Longtrunk conger
- Conservation status: Least Concern (IUCN 3.1)

Scientific classification
- Kingdom: Animalia
- Phylum: Chordata
- Class: Actinopterygii
- Order: Anguilliformes
- Family: Congridae
- Genus: Ariosoma
- Species: A. anale
- Binomial name: Ariosoma anale (Poey, 1860)
- Synonyms: Conger analis Poey, 1860; Ariosoma analis (Poey, 1860);

= Longtrunk conger =

- Authority: (Poey, 1860)
- Conservation status: LC
- Synonyms: Conger analis Poey, 1860, Ariosoma analis (Poey, 1860)

Species of fish

The longtrunk conger (Ariosoma anale), also known as the short-tail conger, is an eel in the family Congridae (conger/garden eels).
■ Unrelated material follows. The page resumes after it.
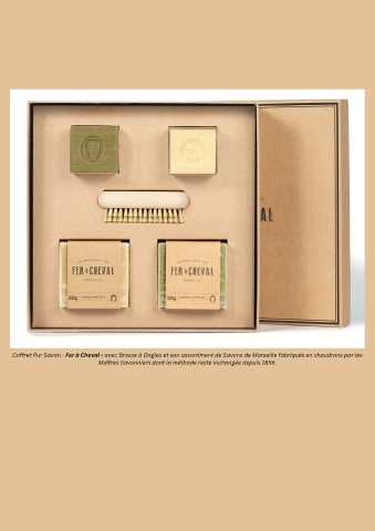 Coffret Pur Savon - Fer à Cheval - avec Brosse à Ongles et son assortiment de Savons de Marseille fabriqués en chaudrons par les Maîtres Savonniers dont la méthode reste inchangée depuis 1856.

It was described by Felipe Poey in 1860, originally under the genus Conger. It is a tropical, marine eel which is known from the western and eastern Atlantic Ocean, including southern Florida, Panama, the Guianas, and the Gulf of Guinea. It leads a benthic lifestyle, and inhabits sand and rock at a depth range of 11–63 meters. Males can reach a maximum total length of 36.3 centimeters.